COLLECTED DATA:
________________________

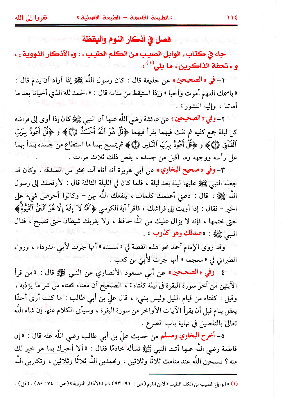 1 - في «الصحيحين» عن حذيفة قال: كان رسول اللَّه - صَلَّى اللهُ عَلَيْهِ وَسَلَّمَ - إذا أراد أن ينام قال: «باسمك اللهم أموت وأحيا» وإذا استيقظ من منامه قال: «الحمد لله الذي أحيانا بعد ما أماتنا، وإليه النشور».
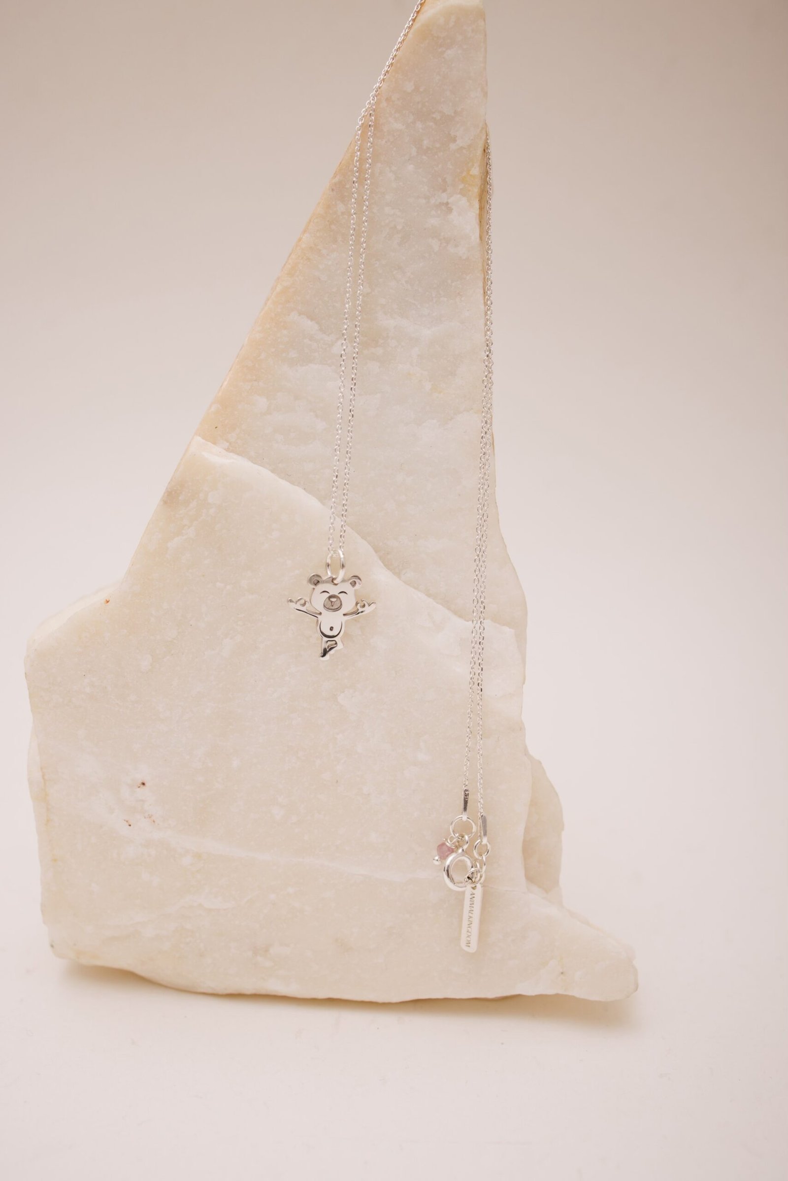 Minimalistyczny naszyjnik dopracowany w każdym szczególe w najbardziej uniwersalnym rozmiarze 45 cm z sylwetą misia.
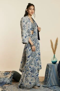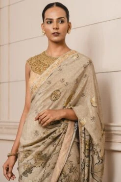 Tarun Tahiliani Black Hand Embellished Draped Concept Sari Set
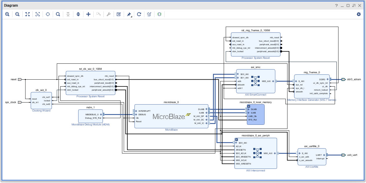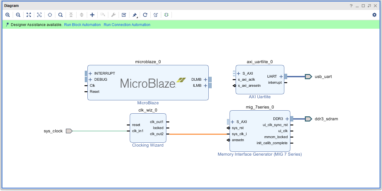 Once the Block Automation is complete, select “Run Connection Automation” so Vivado can connect the blocks together to make a complete system. Select the “Validate Design” option from the Tools menu to make sure that the connections are correct and save the design. The final design will look similar to the image below.

________________________

The whole listing above is to be printed again exactly; pictures stay out of it.

 1 - في «الصحيحين» عن حذيفة قال: كان رسول اللَّه - صَلَّى اللهُ عَلَيْهِ وَسَلَّمَ - إذا أراد أن ينام قال: «باسمك اللهم أموت وأحيا» وإذا استيقظ من منامه قال: «الحمد لله الذي أحيانا بعد ما أماتنا، وإليه النشور».
 Minimalistyczny naszyjnik dopracowany w każdym szczególe w najbardziej uniwersalnym rozmiarze 45 cm z sylwetą misia.
 Tarun Tahiliani Black Hand Embellished Draped Concept Sari Set
 Once the Block Automation is complete, select “Run Connection Automation” so Vivado can connect the blocks together to make a complete system. Select the “Validate Design” option from the Tools menu to make sure that the connections are correct and save the design. The final design will look similar to the image below.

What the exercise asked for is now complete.